Le mystère du handicap et des personnes vulnérables en ce monde nous révèle cette vérité profonde. Bien comprise, elle est une réponse absolue à la fameuse objection athée contre l’existence de Dieu : s’il est tout puissant, pourquoi laisse-t-il la souffrance enfoncer ses crocs dans l’humanité ?
« Le grand mystère de Dieu est qu’il choisit, par amour pour l’homme, de renoncer à la toute-puissance. (…) Dieu choisit ce qu’il y a de faible, de malade, de fou dans le monde pour confondre les puissants.
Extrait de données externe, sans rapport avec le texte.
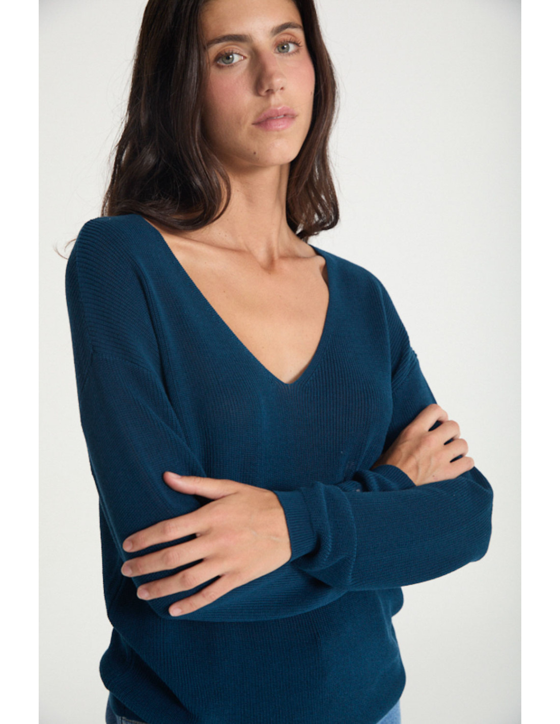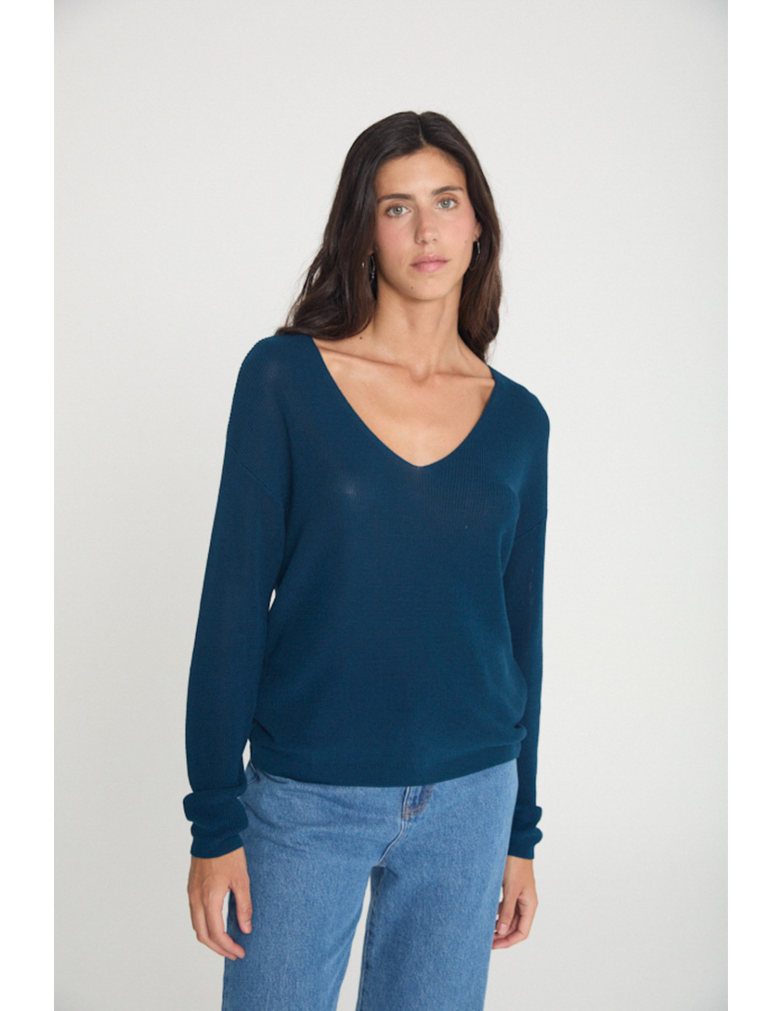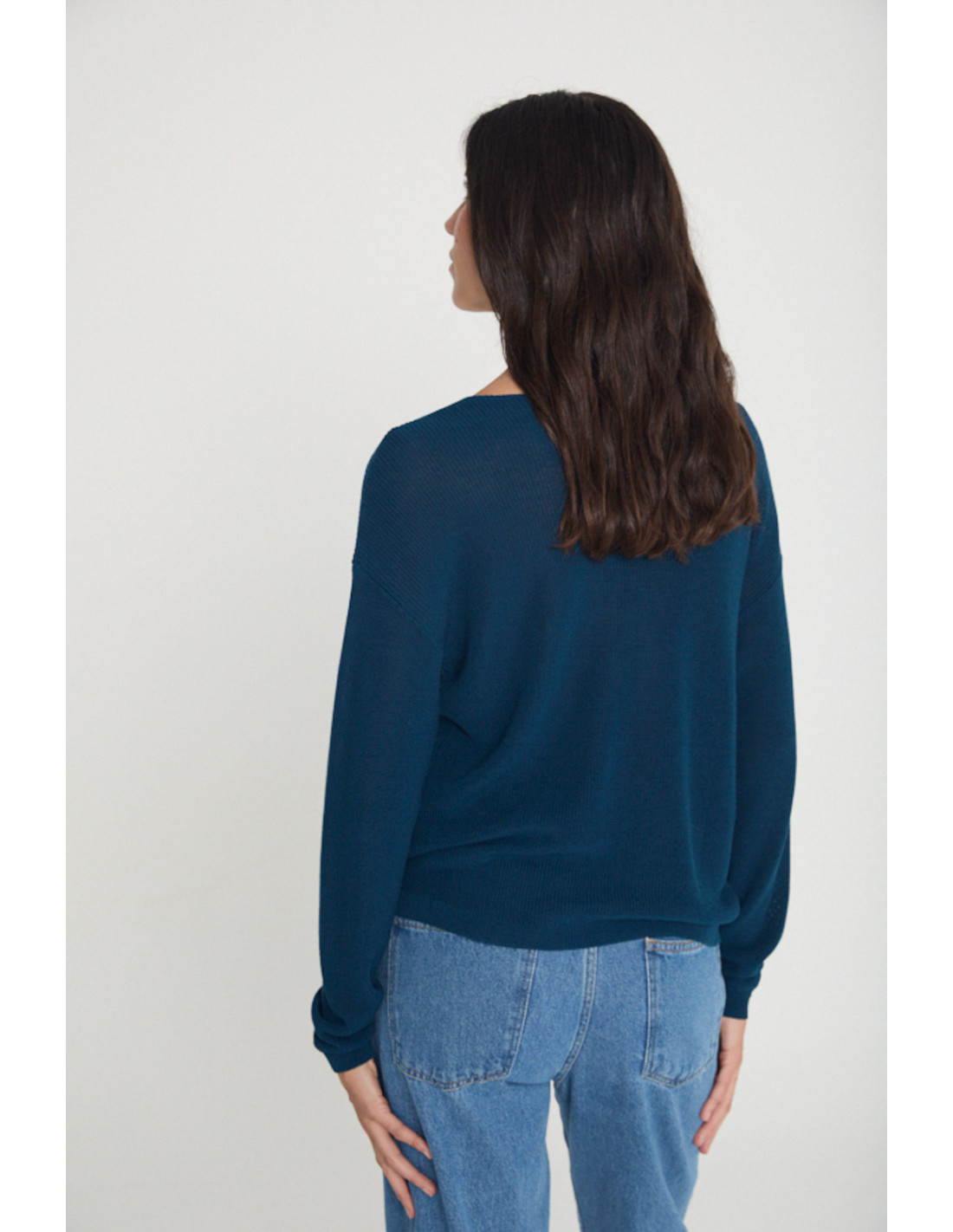Basic tricot jumper with V-neck, long sleeves and dropped shoulder.
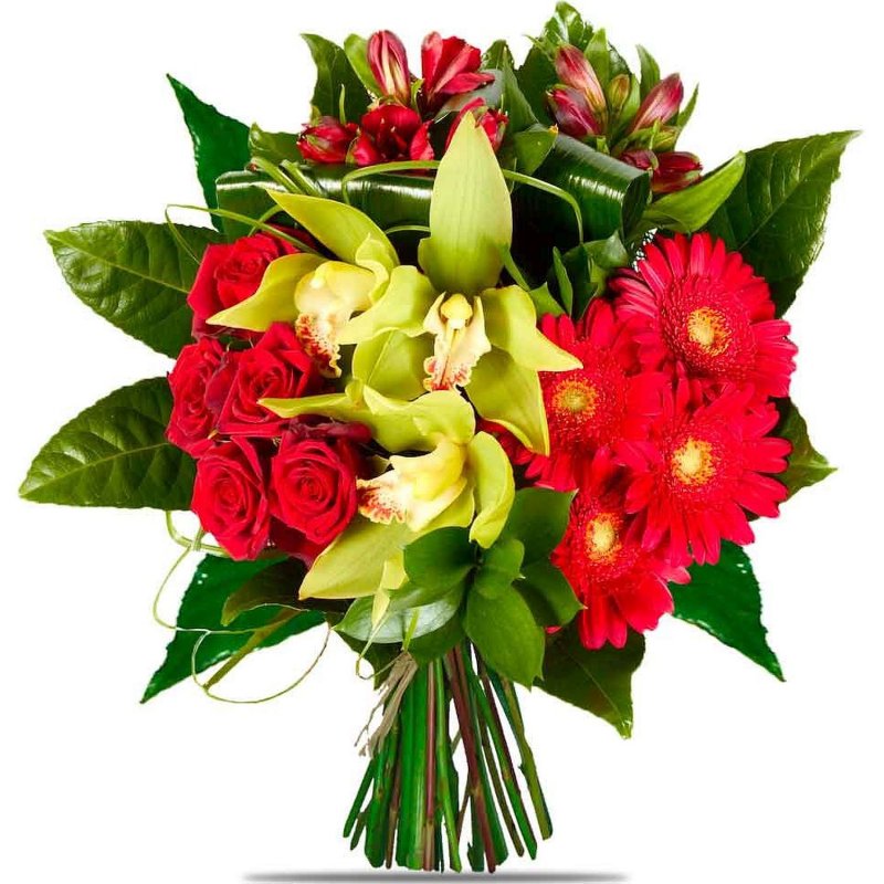 3 ks květy orchideje, 4 ks germína, 5 ks růže, 3 ks alstromerie a dekorativní zeleň (bear grass, aspidistra, aralie)
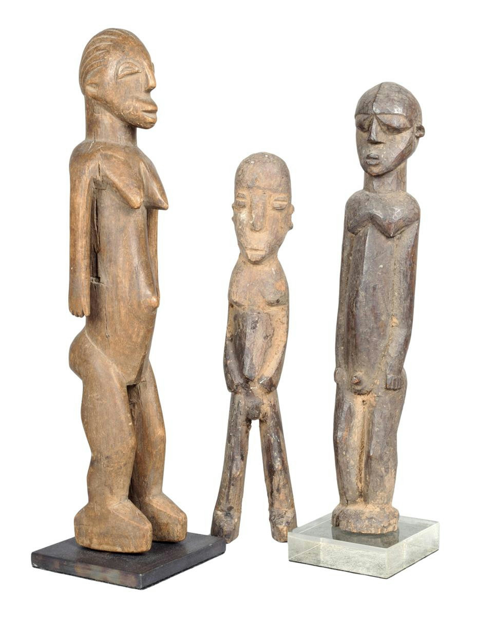 A Lobi standing male figure, Burkina Faso, with eliptical eyes, 31.5cm high on a stand, a Lobi standing male figure, with coffee bean eyes, 29cm high and a standing female figure with grooved coiffure, 36.5cm, high on a stand. (3)

Le faible ne touche pas notre intelligence mais notre cœur » (Croire ou ne pas croire, 2000)
Ou encore :
« Par la relation avec le pauvre, le faible ou l’enfant, le cœur, la compassion et la bonté sont éveillés, et une unité intérieure nouvelle s’établit entre le corps et l’âme. Comme si la tension entre l’intelligence et le corps trouvait une résolution mystérieuse dans cette présence au pauvre. » (Jean Vanier, Le goût du bonheur)
Le spectacle de la vulnérabilité nous interpelle. Nous sommes devant le reflet de Dieu qui se manifeste sous l’angle le plus désarmé qui soit.
« Le faible est pour moi eucharistie, icône vivante de Dieu » (Jean Vanier, Croire ou ne pas croire, 2000)
4- Quatrième leçon cardinale de Jean Vanier : le progressisme ne doit pas se muer en idolâtrie. Il faut veiller à sortir du piège narcissique de la modernité contre le passéisme. Le passé n’est pas l’ennemi de l’avenir, il s’agit d’être intelligent, de conjuguer l’un à l’autre en évitant les soustractions faciles.
« L’évolution fait partie de la vie. Les choses, comme les individus, changent. Mais cela ne veut pas dire qu’il faille tout balayer du passé. Il y a des valeurs essentielles, profondément humaines, qu’il s’agit de préserver, non pas en les conservant embaumés dans leur cadre ancien, mais en réfléchissant à la façon de les vivre dans l’avenir. » (Jean Vanier, Accueillir notre humanité)
Ainsi, le passé peut incarner cette vulnérabilité du monde que nous sommes trop souvent enclins à balayer pour installer notre monde à nous, celui de notre génération. Il s’agit de ne pas tout déraciner, sous peine de violence terrible.